一个python包,用于使用图分区拆分机器学习数据集

mlnods的Python项目详细描述


mlNODS公司

使用图划分分割机器学习数据集

适当的评估需要对培训和评估数据集进行适当的分割,而这又需要聚类。对于许多问题,单链接聚类就足够了。遇到这样一个标准程序无法解决的问题,我们开发了一个简单的基于图形的工具来创建唯一的数据集。在

mlNODS是一种基于图的方法,它允许将原始数据集分割成不重叠的集合,这些集合在不删除某些数据的情况下无法分组。mlNODS优化了以下约束:(1)保留尽可能多的数据点,(2)消除两个拆分集之间的任何重叠。图中的节点是原始数据点,连接是节点间相似性的度量(例如蛋白质集的序列相似性)。该方法首先建立完整的图,然后通过删除节点来优化相似表的约束。mlNODS适用于任何问题,并有一个额外的好处,即允许在一个集合内重叠(即同系物训练),而在两个集合之间不允许重叠(即训练和测试不重叠)。在

usage: mlnods [-h] -s SPLITS -c CUTOFF [-l LIMIT] -e EDGES_FILE
                [-f EDGES_FORMAT] -n NODES_FILE [-a][-r RANDOM][-o OUTFOLDER][-v][-q][--version]

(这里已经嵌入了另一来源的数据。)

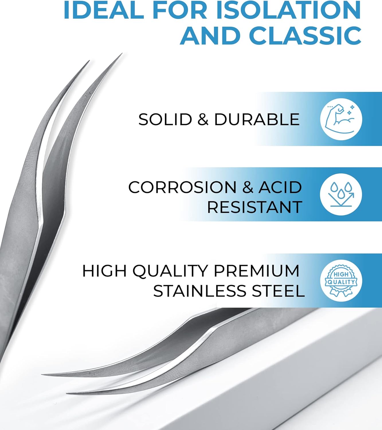- CONVENIENT & TOP-NOTCH - These professional eyelash tweezers are made of superior quality stainless steel, non-corrosive & acid-resistant, very solid. Coated in an anti-magnetic & non-slip material.

This is a script that will create independent sets of data

Version: 1.0 [03/14/20]

optional arguments:
  -h, --help            show this help message and exit
  -s SPLITS, --splits SPLITS
                        number of splits required
  -c CUTOFF, --cutoff CUTOFF
                        similarity cutoff in the units of link scores
  -l LIMIT, --limit LIMIT
                        limit on the number of links for each node (default=0, infinity)
  -e EDGES_FILE, --edges EDGES_FILE
                        file containing a table of instances with link scores for each pair
  -f EDGES_FORMAT, --format EDGES_FORMAT
                        format of the table file

                        blast     : takes a list of -m 9 formated blast files and builds a table based on seqID
                        hssp      : takes a list of -m 9 formated blast files, runs HSSP scoring script and builds an HSSP distance table
                        self<int> : space/tab separated table file, similarity score in column <int>
                                    eg "ID1 ID2 similarity_score" will be addressed as self3 (default=self5)
  -n NODES_FILE, --nodes NODES_FILE
                        instance file containing IDs of all instances being considered

                        IDs are case-independent (eg ABC= abc)
                        IDs are always preceeded by ">" and followed by a white space.
                        No white spaces are allowed in an ID.
                        If score is provided for an ID, it should be surrounded by spaces and directly follow the ID
                        (eg. >abl1_human 10 gene associated with ....)
                        Everything between two IDs is printed in the junction files, but not considered in evaluation
  -a, --abundance       the option to score

                        false : score retrieved from instance file, range [0-100], default=50 when missing
                        true  : score approximated by actual number of times an ID appears in the instance file
  -r RANDOM, --random RANDOM
                        set a fixed random seed to generate consistent partitions
  -o OUTFOLDER, --outfolder OUTFOLDER
                        path to output folder (default=<current directory>
  -v, --verbose         set verbosity level
  -q, --quiet           no logging to stdout
  --version             show program's version number and exit

If an ID is present in the instance file, but not in the table file the ID is considered to not be linked to anything else
If an ID is present in the table file but not in the instance file, it is ignored

mlnods was developed by Yana Bromberg and refactored by Maximilian Miller.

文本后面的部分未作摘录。